The European Parliament is a new parliament. Slowly but steadily we have been taking on powers and becoming, I hope, more effective. The same is true of the Joint Parliamentary Assembly. That too has been slowly becoming more effective and, if not taking on powers, at least becoming more influential. The Assembly started somewhat tentatively. In the early days the European Parliament was perhaps dominant, but reliant all too often on separate House votes; whereas the ACP was a bit more on the defensive, often represented by ambassadors or delegations of only government parties. Now we see change. We see few if any separate House votes. We see a parliament of parliamentarians. We see the ACP gaining in self-confidence and indeed, most recently at our bureau meeting, raising issues about human rights in Europe; and quite right too. The ACP was, for example, raising the issues of the British Government, its attitude to Guantanamo Bay and its proposals for the detention of suspects, or indeed people with mental health problems.
Now we look ahead. We look ahead to budgetisation. We hope that will come soon. That will enable us to give proper scrutiny and proper control of the budget. However, when we do that we will have to balance that scrutiny on behalf of our own taxpayers with acknowledgement of the ACP countries’ right to a say in how money is spent; we need to be listening, as well as scrutinising. We need to ensure that the Millennium Development Goals and the country strategy papers are adequate in themselves and adequately followed.
The Joint Parliamentary Assembly has now developed an effective system of standing committees, firing on all cylinders and getting members working together. Despite the fact that during 2004 we had our European election and so things were more difficult, we managed with electronic communication to bring forth some effective reports. My own with Mr Sanga of the Solomon Islands on food aid and food security was an example of that.
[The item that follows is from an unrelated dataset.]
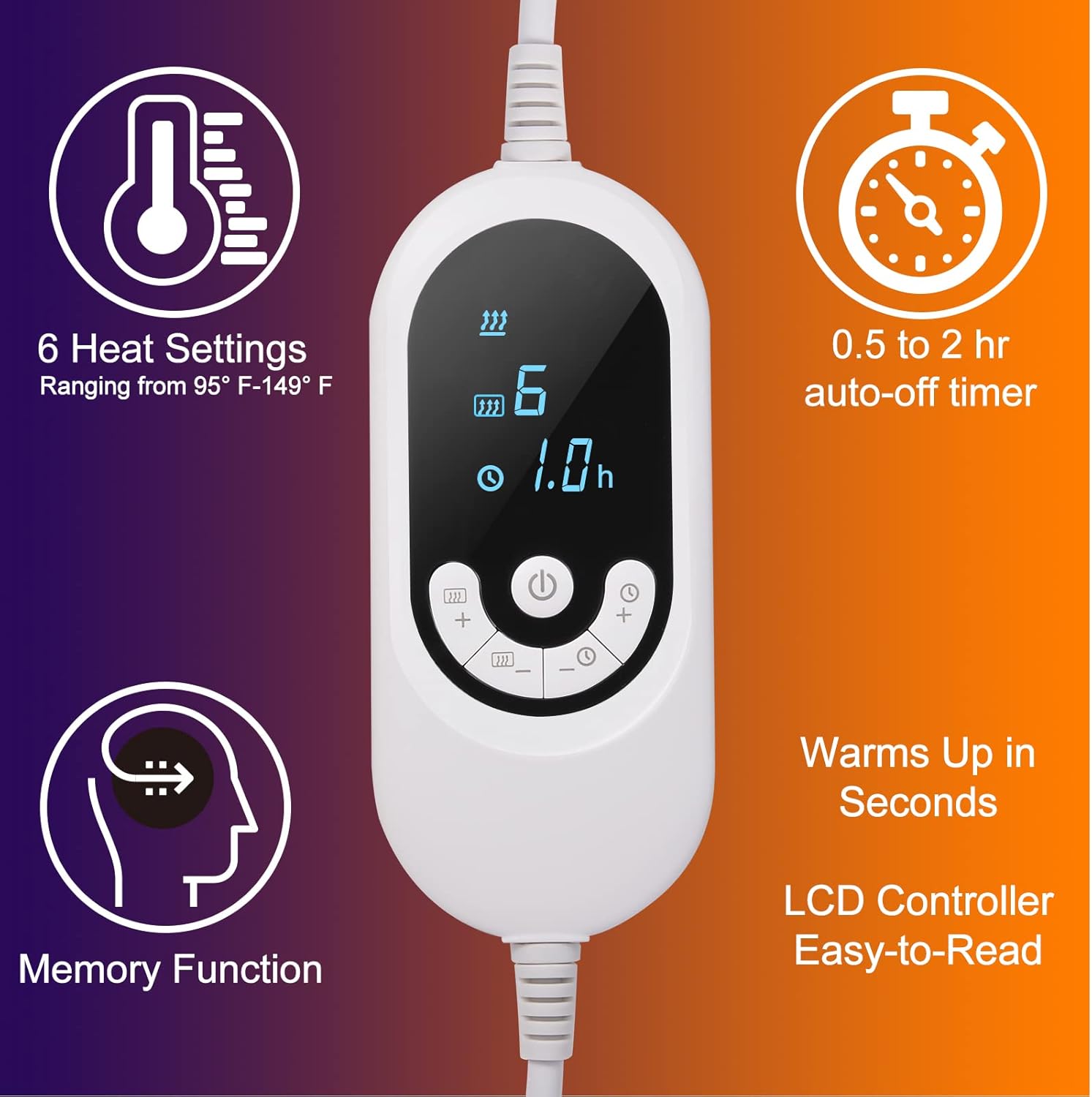 - 【Manage Heat As You Need】:The weighted heating pad offers 6 heat settings (40/45/50/60/65/70℃丨104℉-158℉), allowing you to customize the desired temperature. Features 6 timers, with auto-off settings ranging from 0.5H to 4H to meet your different needs(30min, 60min,90min, 120min, 3H, 4H). This helps conserve energy and prevents excessive heating, offering more options for you.

I would like to pay tribute to the Dutch Government for the way in which it hosted the Assembly in The Hague. I think it learned a lot from our experience in Rome with their workshops and their visits. I should also like to thank the Ethiopian Government for its hospitality and effective administration in Addis Ababa.
We are of a mind that, in Europe, we should continue to have one of the two Council presidencies per year hosting the Assembly, and perhaps to swap around the winter and spring to give the ACP Members a little more warmth of welcome in weather as well as politics. But a lot has already been achieved. In our debates we have a better balance of speakers from the floor and fewer long speeches from the platform, and we are of a mind that we should do more to support the new pan-African Parliament, perhaps with exchange of personnel.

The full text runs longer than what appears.